Supervised discretization is one of basic data preprocessing techniques used in data mining. Updates 17 Oct 1.

ur-CAIM: An Improved CAIM Discretization Algorithm for Unbalanced and Balanced Data Sets

If there is any problemplease let me know. Guangdi Li Guangdi Li view profile. These data sets are very different in terms of their complexity, number of classes, number of attributes, number of instances, and unbalance ratio ratio of size of the majority class to minority class. Choose a web site to get translated content where available and see local events and offers.

Tags Add Tags classification data mining discretization. These algorithms were used in Garcia et al. Select the China site in Chinese or English for best site performance. First, it generates more flexible discretization schemes while producing a small number of intervals.

Based on your location, we recommend that you select: One can start with “ControlCenter. The task of extracting knowledge from databases is quite often performed by machine learning algorithms. Select a Web Site Choose a web site to get translated content where available and see local events and offers.


ur-CAIM: Improved CAIM Discretization for Unbalanced and Balanced Data

I have a question regarding the class labels. Hi, I got a error, can u help me? Attempted to access B 0 ; index must be a positive integer or logical.

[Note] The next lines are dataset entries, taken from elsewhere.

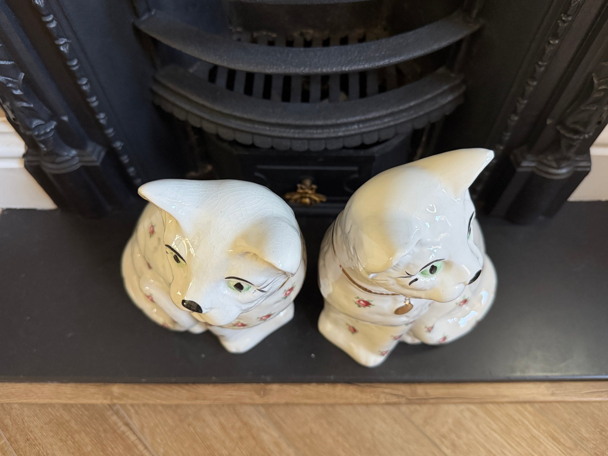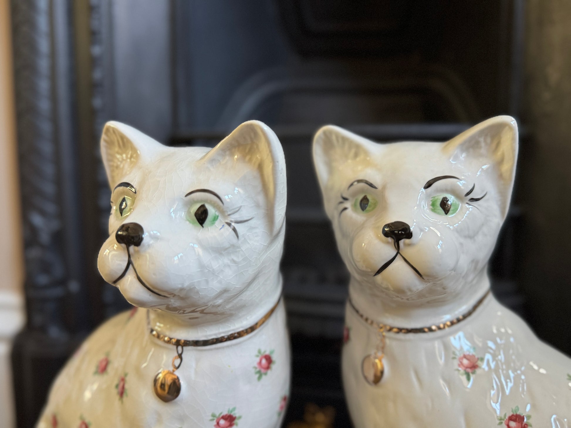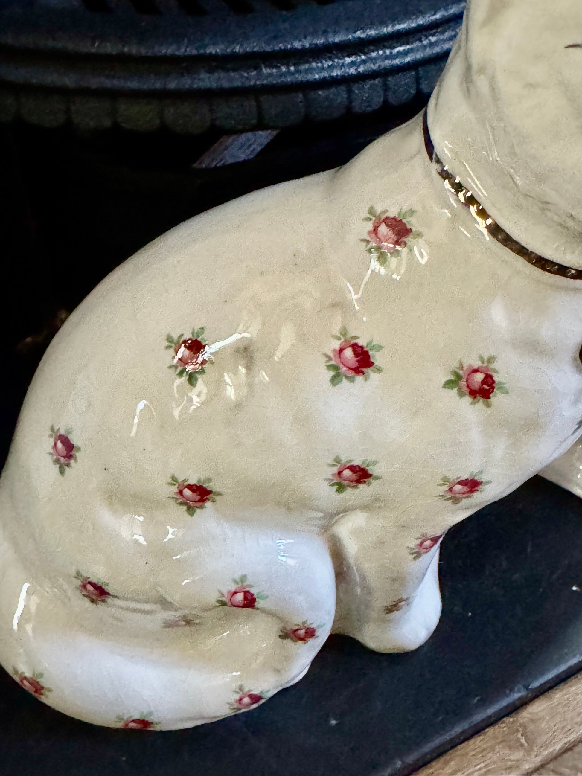 良好なヴィンテージコンディションです。全体に自然な貫入がみられ、ヴィンテージらしい表情を楽しめます。ローズ柄と金彩もきれいな状態です。片方の猫のボディに小さな窯点が見られますが、製造時に生じたもので後年のダメージではないと思われます(最後の写真をご参照ください)。
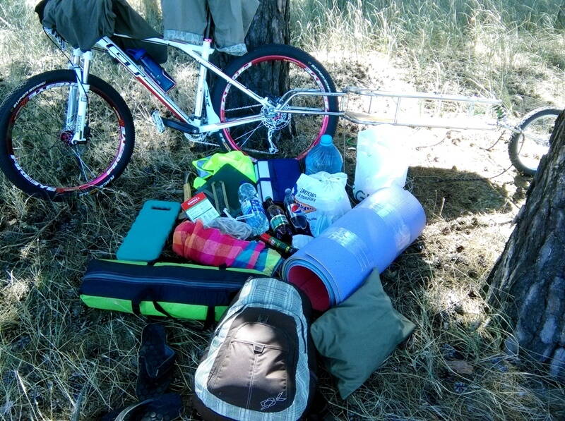 Единственный недостаток прицепа - трудности передвижения по песку, где вел нужно вести. Если такие участки в походе практически отсутствуют - прицепчик ведет себя очень даже хорошо. Еще одно замечание, вскрывшееся в процессе эксплуатации - гайки на посадочных винтах нужно садить на фиксатор резьбы, а бабочки сверху контрить гаечками. Фото из последнего похода - прицеп и что в него влезло. Трехместная палатка, 2 каремата, гамак, рюкзак с вещами, 10 литров воды, литр пепси, литр пива, литр йогурта, кулек с продуктами, топорик, чайник, пилка раскладная, 2 нажопника, насос полноразмерный, веревки для гамака, зарядка на солнечных батареях, спрей от комаров, шлепанцы(вьетнамки), пляжная подстилка-сумка (так же использовалась как подложка под карематы для лучшей тепло и влаго изоляции.
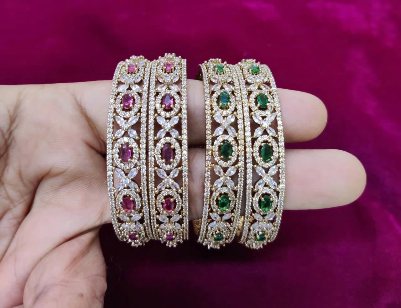 Luxury Kundan Bangles with Emerald & Ruby Stonework
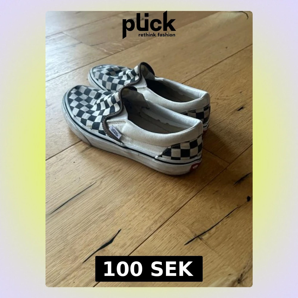 Säljer ett par klassiska Vans slip-on sneakers med svartvitt rutigt checkerboard-mönster. Skorna har rund tå, platt sula och är tillverkade i canvas med vita detaljer runt sulan. Perfekta för dig som gillar streetstyle och vill ha en ikonisk look.

Balanced data sets information Data set Instances Attributes Real Integer Nominal Classes abalone 8 7 0 1 algorithhm arrhythmia 0 73 16 glass 9 9 0 0 7 heart 13 1 4 8 algorihm ionosphere 33 32 0 1 2 iris 4 4 0 0 3 jm1 21 13 8 0 2 madelon 0 0 2 mc1 38 10 28 0 2 mfeat-factors 0 0 10 alyorithm 76 76 0 0 10 mfeat-karhunen 64 64 0 0 10 mfeat-zernike 47 47 0 0 10 pc2 36 13 23 0 2 penbased 16 16 0 0 10 pendigits 16 0 16 0 10 pima 8 8 0 0 2 satimage 36 0 36 0 7 segment 19 19 0 0 7 sonar 60 60 0 0 2 spambase 57 57 0 0 2 spectrometer 0 2 48 texture 40 40 algoritbm 0 11 thyroid 21 6 0 15 3 vowel 13 11 0 2 11 waveform 40 40 0 0 3 winequality-red 11 11 0 0 11 winequality-white 11 11 0 0 The majority of these algorithms can be applied only to data described by discrete numerical or nominal attributes features.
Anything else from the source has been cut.